**Try it**
Everything below from the line with "BONE BOLANGO –" through the line with "Sleek with a" should be copied exactly, and nothing else; leave out the pictures.

**Data for this exercise**
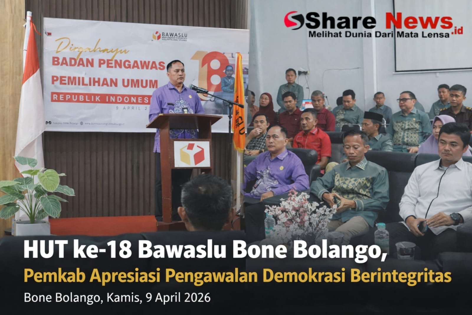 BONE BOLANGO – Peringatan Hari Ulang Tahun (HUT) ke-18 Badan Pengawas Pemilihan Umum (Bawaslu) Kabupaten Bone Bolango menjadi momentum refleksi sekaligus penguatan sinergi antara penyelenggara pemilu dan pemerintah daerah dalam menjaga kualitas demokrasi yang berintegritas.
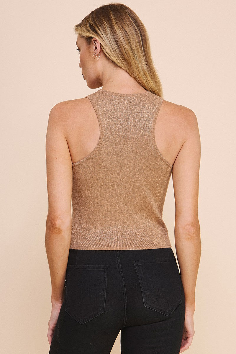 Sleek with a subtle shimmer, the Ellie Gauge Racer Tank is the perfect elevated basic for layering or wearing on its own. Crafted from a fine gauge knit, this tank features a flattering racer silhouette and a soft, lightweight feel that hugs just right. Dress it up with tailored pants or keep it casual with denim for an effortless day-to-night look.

* * *

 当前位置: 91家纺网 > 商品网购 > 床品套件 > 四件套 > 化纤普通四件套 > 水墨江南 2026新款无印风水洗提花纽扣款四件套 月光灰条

**Solution to this problem**
 BONE BOLANGO – Peringatan Hari Ulang Tahun (HUT) ke-18 Badan Pengawas Pemilihan Umum (Bawaslu) Kabupaten Bone Bolango menjadi momentum refleksi sekaligus penguatan sinergi antara penyelenggara pemilu dan pemerintah daerah dalam menjaga kualitas demokrasi yang berintegritas.
 Sleek with a subtle shimmer, the Ellie Gauge Racer Tank is the perfect elevated basic for layering or wearing on its own. Crafted from a fine gauge knit, this tank features a flattering racer silhouette and a soft, lightweight feel that hugs just right. Dress it up with tailored pants or keep it casual with denim for an effortless day-to-night look.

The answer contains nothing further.